Peter Grahame Browne (15 July 1924 – 11 September 2000) was an Australian Federal politician. Born in Sydney, he enlisted in 1940 and served with the 2nd AIF as a Gunner in the 14th Heavy Anti-aircraft Battery in Darwin during the Bombing of Darwin from February 1942. In 1943 he transferred to the RAAF to undertake pilot training through the Empire Air Training Scheme, initially at 2 Initial Training School (2 I.T.S.) Bradfield Park, Sydney. He was medically discharged from the RAAF after suffering from mastoiditis.

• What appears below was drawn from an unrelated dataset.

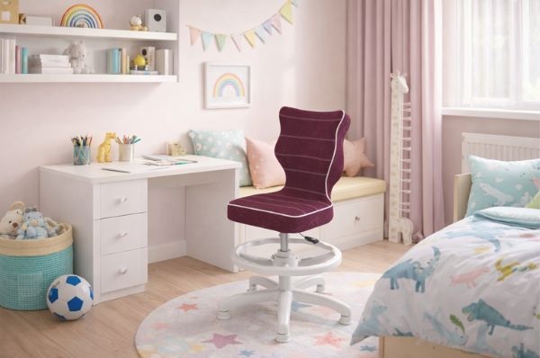 Krzesło Petit z podnóżkiem to ergonomiczne krzesło obrotowe zaprojektowane specjalnie z myślą o dzieciach w wieku szkolnym.
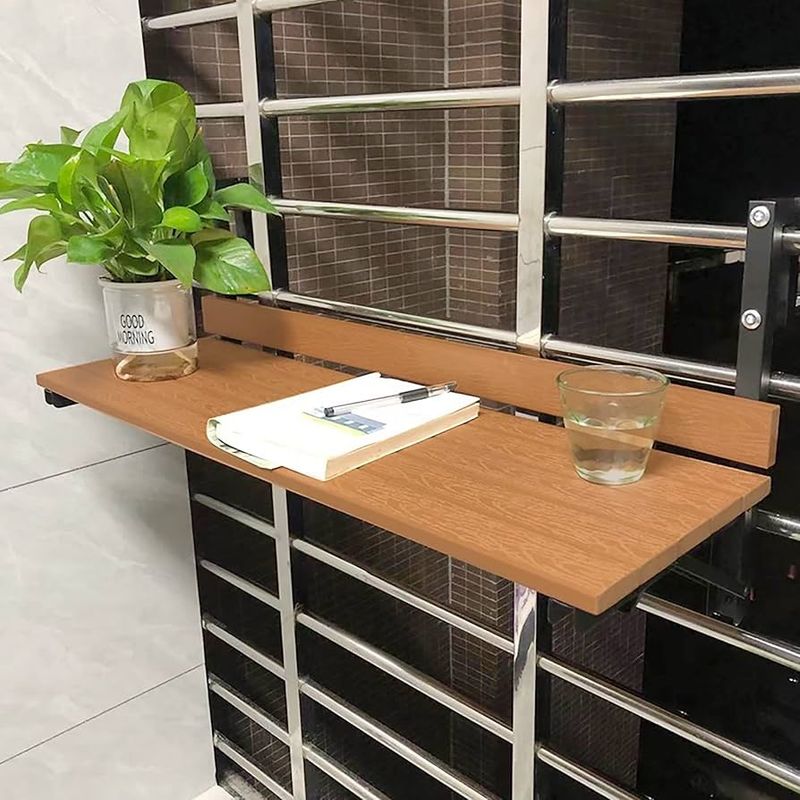 Build a custom-fit tabletop that hooks over your railing, creating an instant workspace or dining spot without consuming floor space. Use marine-grade wood or treated lumber for weather resistance.

Not yet satisfied with his contribution to the war, Browne signed-up with the US Army Small Ships Section in June 1944 where he served on ships directly supporting the Philippines Campaign, particularly the Battle of Leyte Gulf and Invasion of Lingayen Gulf. In addition to his WW2 Australian Service and Campaign medals, he was awarded US Service Medals, including the Asiatic–Pacific Campaign Medal with Campaign Stars for the Battle of Leyte and the Battle of Luzon and the Philippines Liberation Medal.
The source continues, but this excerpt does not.